MLflow: An Introduction

What is MLflow?

MLflow is an open-source platform designed to streamline the machine learning (ML) lifecycle, including experimentation, reproducibility, deployment, and a central model registry. It enables data scientists and ML engineers to track experiments, version models, and deploy them efficiently.

Why Use MLflow?

  • Experiment Tracking: Log parameters, code versions, metrics, and output files when running machine learning code.

  • Reproducibility: Reproduce runs to understand how models were trained.

  • Model Management: Register, track, and manage ML models.

  • Deployment: Deploy models in diverse environments using MLflow Models.


Key Components of MLflow

  1. MLflow Tracking: Records and queries experiments; logs parameters, metrics, and artifacts (output files).

  2. MLflow Projects: Packages ML code in a reusable, reproducible form with environment specification.

  3. MLflow Models: A standard format for packaging ML models to deploy in various environments.
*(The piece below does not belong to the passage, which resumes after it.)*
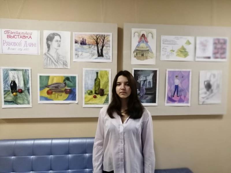 Балалар сәнгать мәктәбенең 2 нче катында рәсем сәнгате бүлегенең 3 нче сыйныф укучысы Рябова Дарьяның шәхси күргәзмәсе ачылды. Кызчык якты сәләтләре, җаваплылыгы һәм мәрхәмәтле булуы белән аерылып тора. Күргәзмәдә аның композицияләр, рәсемнәр, рәсем һәм дизайн буенча эшләре тәкъдим ителгән. Аның барлык эшләре дә үзенчәлекле колорит, детальләргә һәм үз техникасы белән аерылып тора. Даша ел дәвамында Отличник һәм төрле конкурсларда актив катнашкан.

  4. MLflow Model Registry: A centralized store to manage the full lifecycle of MLflow models.


MLflow with Code Examples

Example: Training a Simple Linear Regression Model with MLflow Tracking

Objective: Demonstrate how to use MLflow to track experiments by training a linear regression model on the Diabetes dataset.

Step 1: Install Required Libraries

Ensure you have the necessary libraries installed:

pip install mlflow scikit-learn pandas

Step 2: Import Libraries

import mlflow
import mlflow.sklearn
from sklearn.datasets import load_diabetes
from sklearn.linear_model import LinearRegression
from sklearn.model_selection import train_test_split
from sklearn.metrics import mean_squared_error
import pandas as pd

Step 3: Load and Prepare Data

# Load dataset
data = load_diabetes()
X = pd.DataFrame(data.data, columns=data.feature_names)
y = pd.Series(data.target, name='target')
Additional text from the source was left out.